» **INSTRUCTIONS TO FOLLOW**
Would you reproduce, without any alteration, the lines from the opening line of the entries through the line that has "Elegante abito medievale" in it?

» **GIVEN RECORDS**

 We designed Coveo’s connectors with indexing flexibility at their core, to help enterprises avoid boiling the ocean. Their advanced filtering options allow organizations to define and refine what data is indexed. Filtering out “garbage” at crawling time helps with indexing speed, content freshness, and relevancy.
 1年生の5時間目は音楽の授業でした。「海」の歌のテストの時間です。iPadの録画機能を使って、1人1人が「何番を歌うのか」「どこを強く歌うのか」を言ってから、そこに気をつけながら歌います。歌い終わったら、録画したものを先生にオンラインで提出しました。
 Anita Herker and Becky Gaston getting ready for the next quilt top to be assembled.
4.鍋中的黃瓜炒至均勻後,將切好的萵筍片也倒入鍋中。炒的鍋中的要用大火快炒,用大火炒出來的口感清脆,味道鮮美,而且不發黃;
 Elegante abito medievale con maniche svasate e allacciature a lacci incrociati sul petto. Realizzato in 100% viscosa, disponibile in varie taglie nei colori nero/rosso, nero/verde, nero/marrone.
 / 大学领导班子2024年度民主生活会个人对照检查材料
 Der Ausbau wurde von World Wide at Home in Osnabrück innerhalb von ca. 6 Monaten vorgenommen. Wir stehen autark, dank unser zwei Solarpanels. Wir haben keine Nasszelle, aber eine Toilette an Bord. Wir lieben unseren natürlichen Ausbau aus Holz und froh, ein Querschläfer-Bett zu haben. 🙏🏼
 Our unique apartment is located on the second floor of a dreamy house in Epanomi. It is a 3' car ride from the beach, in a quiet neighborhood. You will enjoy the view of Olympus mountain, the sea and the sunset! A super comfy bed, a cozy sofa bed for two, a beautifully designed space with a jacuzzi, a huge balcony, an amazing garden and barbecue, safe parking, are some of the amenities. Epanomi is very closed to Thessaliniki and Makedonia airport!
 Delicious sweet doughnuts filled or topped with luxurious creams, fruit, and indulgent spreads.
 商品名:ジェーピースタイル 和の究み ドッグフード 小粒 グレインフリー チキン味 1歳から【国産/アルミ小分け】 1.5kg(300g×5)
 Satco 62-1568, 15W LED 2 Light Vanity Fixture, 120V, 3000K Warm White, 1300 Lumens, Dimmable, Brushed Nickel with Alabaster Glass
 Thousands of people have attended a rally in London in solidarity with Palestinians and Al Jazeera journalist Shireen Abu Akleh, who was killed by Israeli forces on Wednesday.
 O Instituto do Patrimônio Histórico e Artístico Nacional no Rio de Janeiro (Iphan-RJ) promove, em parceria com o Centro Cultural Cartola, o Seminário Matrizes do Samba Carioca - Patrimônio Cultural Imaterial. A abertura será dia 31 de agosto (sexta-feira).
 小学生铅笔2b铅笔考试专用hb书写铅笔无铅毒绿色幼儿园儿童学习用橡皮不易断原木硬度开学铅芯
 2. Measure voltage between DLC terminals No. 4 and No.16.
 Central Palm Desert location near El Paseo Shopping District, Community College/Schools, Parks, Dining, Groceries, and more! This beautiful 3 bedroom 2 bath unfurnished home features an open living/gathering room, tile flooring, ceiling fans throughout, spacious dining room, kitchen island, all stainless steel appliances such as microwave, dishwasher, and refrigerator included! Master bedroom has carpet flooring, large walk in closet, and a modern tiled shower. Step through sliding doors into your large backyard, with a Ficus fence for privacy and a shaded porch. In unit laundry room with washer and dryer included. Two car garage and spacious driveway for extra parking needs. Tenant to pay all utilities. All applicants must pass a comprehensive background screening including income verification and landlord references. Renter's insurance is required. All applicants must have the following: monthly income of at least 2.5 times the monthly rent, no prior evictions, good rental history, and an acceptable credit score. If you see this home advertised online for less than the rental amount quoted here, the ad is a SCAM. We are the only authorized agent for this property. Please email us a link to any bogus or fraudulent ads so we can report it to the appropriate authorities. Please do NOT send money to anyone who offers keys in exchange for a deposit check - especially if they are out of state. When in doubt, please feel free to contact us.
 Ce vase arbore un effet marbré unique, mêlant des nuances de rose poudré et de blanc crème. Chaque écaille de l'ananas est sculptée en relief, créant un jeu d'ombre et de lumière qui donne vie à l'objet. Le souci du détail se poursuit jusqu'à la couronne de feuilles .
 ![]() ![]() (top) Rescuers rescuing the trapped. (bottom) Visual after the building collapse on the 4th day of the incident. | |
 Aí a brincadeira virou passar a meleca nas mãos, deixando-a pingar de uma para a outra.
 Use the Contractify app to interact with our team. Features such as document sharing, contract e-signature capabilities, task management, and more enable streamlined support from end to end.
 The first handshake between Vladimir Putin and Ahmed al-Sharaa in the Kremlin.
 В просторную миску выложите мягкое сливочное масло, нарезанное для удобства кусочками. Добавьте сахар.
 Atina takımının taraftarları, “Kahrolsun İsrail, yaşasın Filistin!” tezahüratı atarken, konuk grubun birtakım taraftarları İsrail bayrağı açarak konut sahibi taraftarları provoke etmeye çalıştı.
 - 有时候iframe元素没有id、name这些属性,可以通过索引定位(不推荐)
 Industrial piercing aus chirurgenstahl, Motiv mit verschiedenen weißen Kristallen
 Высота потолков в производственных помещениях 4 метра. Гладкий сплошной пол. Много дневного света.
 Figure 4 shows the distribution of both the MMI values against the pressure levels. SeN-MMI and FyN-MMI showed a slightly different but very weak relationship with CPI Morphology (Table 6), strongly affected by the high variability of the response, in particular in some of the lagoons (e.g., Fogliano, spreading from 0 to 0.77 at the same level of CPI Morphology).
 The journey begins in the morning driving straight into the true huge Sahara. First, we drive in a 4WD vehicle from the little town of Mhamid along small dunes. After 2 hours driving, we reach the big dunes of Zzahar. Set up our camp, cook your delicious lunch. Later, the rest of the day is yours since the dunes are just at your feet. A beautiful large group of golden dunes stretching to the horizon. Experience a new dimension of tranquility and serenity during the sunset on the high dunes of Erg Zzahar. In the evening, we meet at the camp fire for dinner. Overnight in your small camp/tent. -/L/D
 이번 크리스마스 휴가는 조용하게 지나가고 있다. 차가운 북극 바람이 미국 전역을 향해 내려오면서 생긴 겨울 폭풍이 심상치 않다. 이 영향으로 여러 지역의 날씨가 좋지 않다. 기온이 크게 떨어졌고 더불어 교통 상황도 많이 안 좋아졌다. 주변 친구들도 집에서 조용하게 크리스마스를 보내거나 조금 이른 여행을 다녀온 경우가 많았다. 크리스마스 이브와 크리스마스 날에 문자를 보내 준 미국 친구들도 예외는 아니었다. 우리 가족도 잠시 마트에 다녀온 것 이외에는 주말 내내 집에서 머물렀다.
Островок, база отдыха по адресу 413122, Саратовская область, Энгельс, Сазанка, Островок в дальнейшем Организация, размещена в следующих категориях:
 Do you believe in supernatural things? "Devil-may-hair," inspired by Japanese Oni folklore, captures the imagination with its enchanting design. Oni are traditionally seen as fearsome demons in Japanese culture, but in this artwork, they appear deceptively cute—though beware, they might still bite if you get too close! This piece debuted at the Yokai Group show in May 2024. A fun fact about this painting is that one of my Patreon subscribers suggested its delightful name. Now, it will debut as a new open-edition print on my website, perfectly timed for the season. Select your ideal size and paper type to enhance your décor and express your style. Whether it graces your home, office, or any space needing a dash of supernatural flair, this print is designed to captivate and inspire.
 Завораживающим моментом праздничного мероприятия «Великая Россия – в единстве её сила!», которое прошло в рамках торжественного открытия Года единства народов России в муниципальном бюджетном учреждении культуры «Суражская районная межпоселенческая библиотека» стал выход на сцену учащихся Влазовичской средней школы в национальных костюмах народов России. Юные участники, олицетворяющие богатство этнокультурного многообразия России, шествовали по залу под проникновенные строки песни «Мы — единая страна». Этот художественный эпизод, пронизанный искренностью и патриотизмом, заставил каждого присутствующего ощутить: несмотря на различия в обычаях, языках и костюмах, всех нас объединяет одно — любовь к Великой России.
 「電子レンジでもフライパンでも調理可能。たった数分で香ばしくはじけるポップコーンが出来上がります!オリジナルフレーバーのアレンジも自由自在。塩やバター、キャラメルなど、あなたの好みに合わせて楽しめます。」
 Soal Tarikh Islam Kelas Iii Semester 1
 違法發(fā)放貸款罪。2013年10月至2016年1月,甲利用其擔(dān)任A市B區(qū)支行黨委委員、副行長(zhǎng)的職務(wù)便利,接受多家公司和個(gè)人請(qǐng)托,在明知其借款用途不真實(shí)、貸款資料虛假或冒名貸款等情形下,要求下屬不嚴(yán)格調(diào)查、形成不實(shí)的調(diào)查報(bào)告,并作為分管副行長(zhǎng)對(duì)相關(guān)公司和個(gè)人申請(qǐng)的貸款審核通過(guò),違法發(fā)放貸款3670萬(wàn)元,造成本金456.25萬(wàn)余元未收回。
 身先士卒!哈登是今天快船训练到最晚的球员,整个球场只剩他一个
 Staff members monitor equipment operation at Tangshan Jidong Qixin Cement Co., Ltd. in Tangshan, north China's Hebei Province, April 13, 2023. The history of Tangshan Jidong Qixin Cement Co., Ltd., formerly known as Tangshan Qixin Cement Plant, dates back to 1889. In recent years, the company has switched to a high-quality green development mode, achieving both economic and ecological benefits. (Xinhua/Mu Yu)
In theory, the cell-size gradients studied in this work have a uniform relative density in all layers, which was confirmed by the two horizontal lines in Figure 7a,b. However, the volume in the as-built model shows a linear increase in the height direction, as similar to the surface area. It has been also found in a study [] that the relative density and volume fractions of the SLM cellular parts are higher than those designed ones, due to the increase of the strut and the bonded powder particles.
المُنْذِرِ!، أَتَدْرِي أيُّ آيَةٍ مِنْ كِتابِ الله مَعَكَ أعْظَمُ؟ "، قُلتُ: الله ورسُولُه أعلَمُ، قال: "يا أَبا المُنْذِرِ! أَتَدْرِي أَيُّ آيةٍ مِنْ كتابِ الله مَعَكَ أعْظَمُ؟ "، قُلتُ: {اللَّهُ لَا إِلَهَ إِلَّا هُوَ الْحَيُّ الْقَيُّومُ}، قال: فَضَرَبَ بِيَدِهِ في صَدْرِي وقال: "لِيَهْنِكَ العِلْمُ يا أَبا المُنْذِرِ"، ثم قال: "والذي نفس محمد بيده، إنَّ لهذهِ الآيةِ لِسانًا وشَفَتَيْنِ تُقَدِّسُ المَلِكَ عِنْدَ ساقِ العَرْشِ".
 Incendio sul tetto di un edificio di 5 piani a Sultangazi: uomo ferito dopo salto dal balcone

» **WRITTEN RESPONSE**
 We designed Coveo’s connectors with indexing flexibility at their core, to help enterprises avoid boiling the ocean. Their advanced filtering options allow organizations to define and refine what data is indexed. Filtering out “garbage” at crawling time helps with indexing speed, content freshness, and relevancy.
 1年生の5時間目は音楽の授業でした。「海」の歌のテストの時間です。iPadの録画機能を使って、1人1人が「何番を歌うのか」「どこを強く歌うのか」を言ってから、そこに気をつけながら歌います。歌い終わったら、録画したものを先生にオンラインで提出しました。
 Anita Herker and Becky Gaston getting ready for the next quilt top to be assembled.
4.鍋中的黃瓜炒至均勻後,將切好的萵筍片也倒入鍋中。炒的鍋中的要用大火快炒,用大火炒出來的口感清脆,味道鮮美,而且不發黃;
 Elegante abito medievale con maniche svasate e allacciature a lacci incrociati sul petto. Realizzato in 100% viscosa, disponibile in varie taglie nei colori nero/rosso, nero/verde, nero/marrone.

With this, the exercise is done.